The Egyptian museum

Location:
Cairo, Egypt

Description:
The Museum of Egyptian Antiquities, known commonly as the Egyptian Museum, is home to the most extensive collection of ancient Egyptian antiquities in the world. It has 136,000 items on display, with many more hundreds of thousands in its basement storerooms.
    The museum is an outgrowth of the Egyptian Antiquities Service, established by the Egyptian government in 1835, in an attempt to limit the looting of antiquities from sites, and protect artifacts. Its Boulaq museum opened in 1858 with a collection assembled by Auguste Mariette, the French archaeologist retained by Isma'il Pasha.                              After residing in an annex of the palace of Isma'il Pasha in Giza from 1880, the museum moved to its present location, a neoclassical structure on Tahrir Square in Cairo's city centre, in 1900 under Gaston Maspero.
    It was built during the reign of Khedive Abbass Helmi II in 1897, and opened on November 15, 1902.  It has 107 halls. At the ground floor there are the huge statues. The upper floor houses small statues, jewels, Tutankhamon treasures and the mummies.
    The highlight of the collection is often considered to be the tomb artifacts of the Pharaoh Tutankhamun, whose almost intact tomb Howard Carter found in the Valley of the Kings in 1923.
    The museum's Royal Mummy Room, containing 27 royal mummies from pharaonic times, was closed down on the orders of President Anwar Sadat in 1981. It was reopened, with a slightly curtailed display of New Kingdom kings and queens, in 1985.
The Museum also comprises a photography section and a large library.

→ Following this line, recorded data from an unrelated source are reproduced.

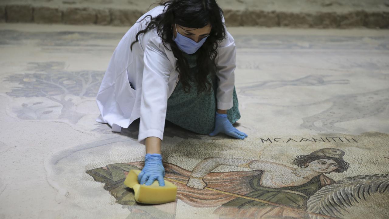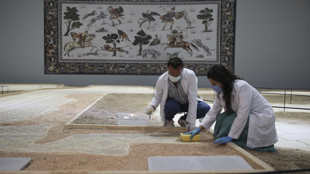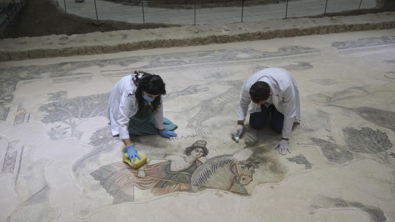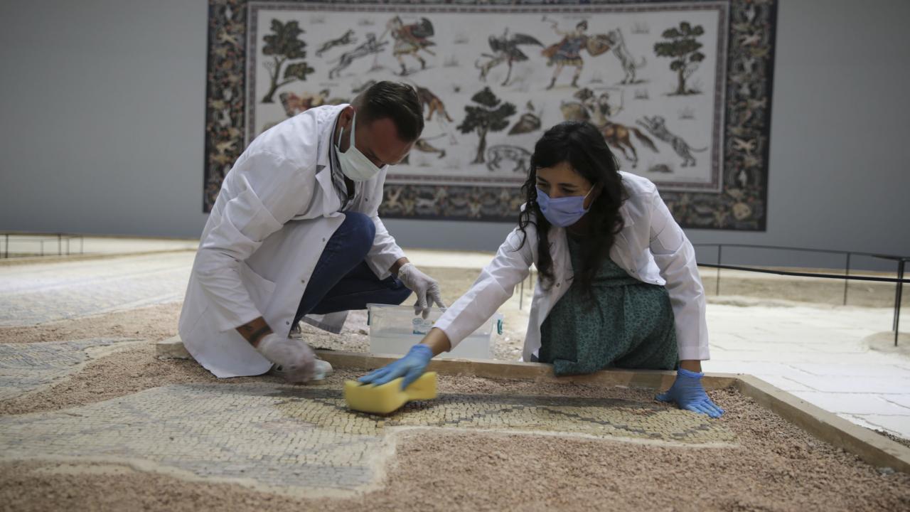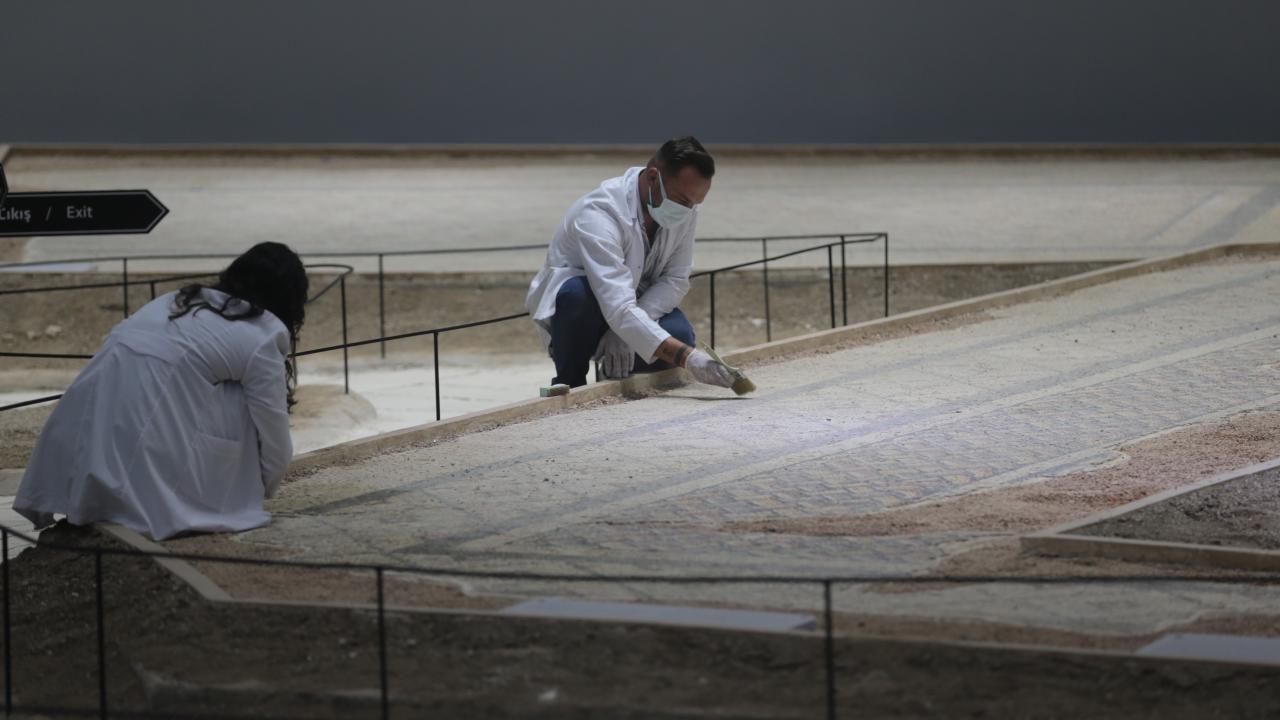 "Burada Roma dönemine tarihlenen bir saray yapısı var ve içerisinde de çeşitli mozaikler resmedilmiş. Özellikle bu mozaiklerin üzerindeki mitolojiler, betimlemeler çok önemli. Bunlardan en önemlisi de amazon kadınlarının resmedilmiş olduğu mozaikler. Mozaik müzemiz sürekli restoratör arkadaşlarımız tarafından kontrol ediliyor, bozulmalar, kirlenmeler, tozlanmalar hepsi müdahalelerle temizleniyor. Özellikle mozaikler üzerinde çok titizlikle çalışmamız gerekiyor, arkadaşlarımız süngerler ve yumuşak uçlu fırçalarla mozaik üzerindeki toz tabakasını suyla alıyorlar. Tabi suyun mozaiklerin altına işlememesi çok önemli, bu noktada yine suyu süngerle emerek temizlik çalışmalarını gerçekleştiriyorlar. Bu kontroller restoratörlerimiz tarafından rutin olarak gerçekleştiriliyor."
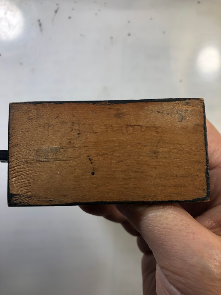Pam’s Pictorama Post: I am crazy about this odd little item I purchased recently. He is about five inches high and constructed with a thin sort of wood. I believe he is homemade, but very nicely executed. There is an odd little knot in the wood atop one eye which mars the overall effect a tad, but generally a job well done. He is only painted on one side, his back is all black. (Something was written on the bottom, but it has faded beyond reading. Part of it appears to be some numbers, but they don’t make sense as a date.)
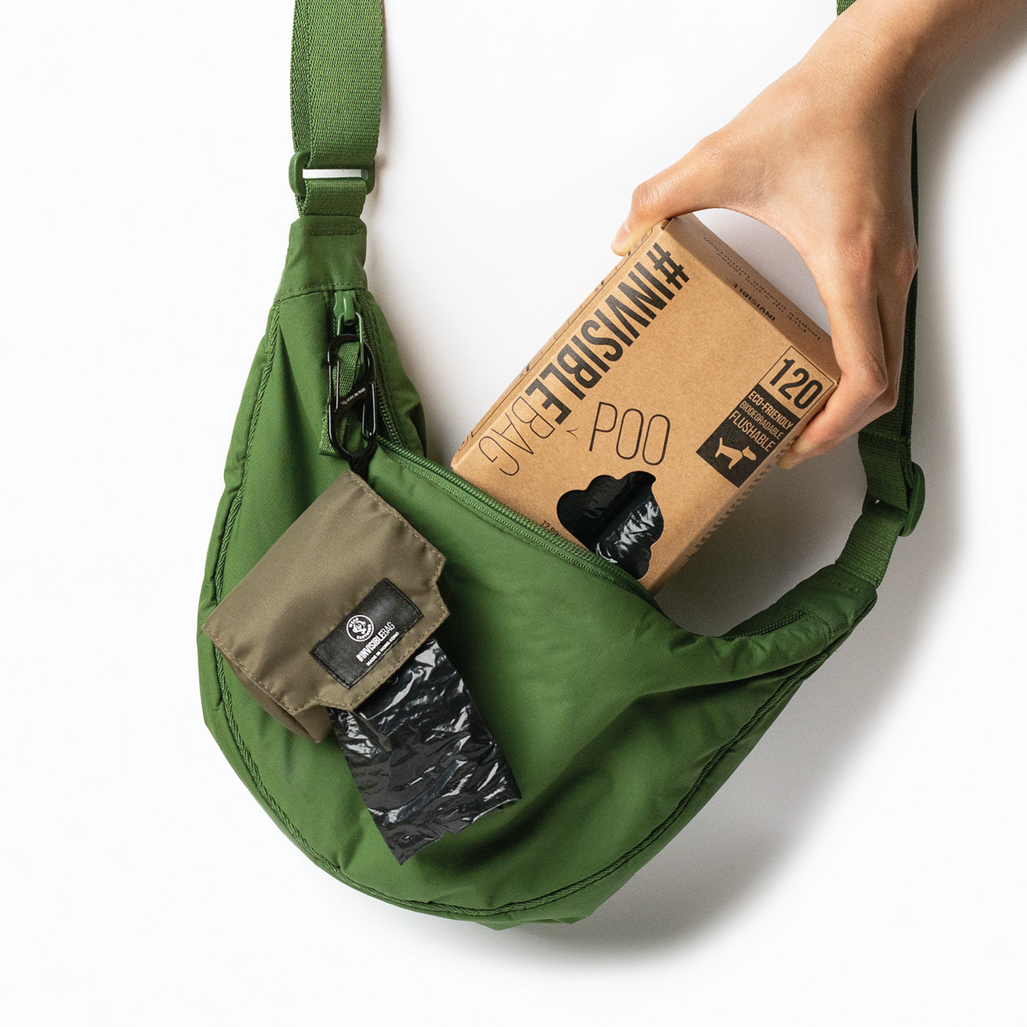 Each box comes with 12 rolls (120 bags), enough to last for 2-4 months (depending on how regular your furry friend goes to poop). Plus, a locally made trash bag holder made of deadstock fabric is also available to clip onto your leash!

The Egyptian museum comprises many sections arranged in chronological order

  1. The first section houses Tutankhamon’s treasures.
  2. The second section houses the pre-dynasty and the Old Kingdom monuments.
  3. The third section houses the first intermediate period and the Middle Kingdom monuments.
  4. The forth section houses the monuments of the Modern Kingdom.
  5. The fifth section houses the monuments of the late period and the Greek and Roman periods.
  6. The sixth section houses coins and papyrus.
  7. The seventh section houses sarcophagi and scrabs.

    A hall for the royal mummies was opened at the museum, housing eleven kings and queens or more.
    More than a million and half tourists visit the museum annually, in addition to half a million Egyptians.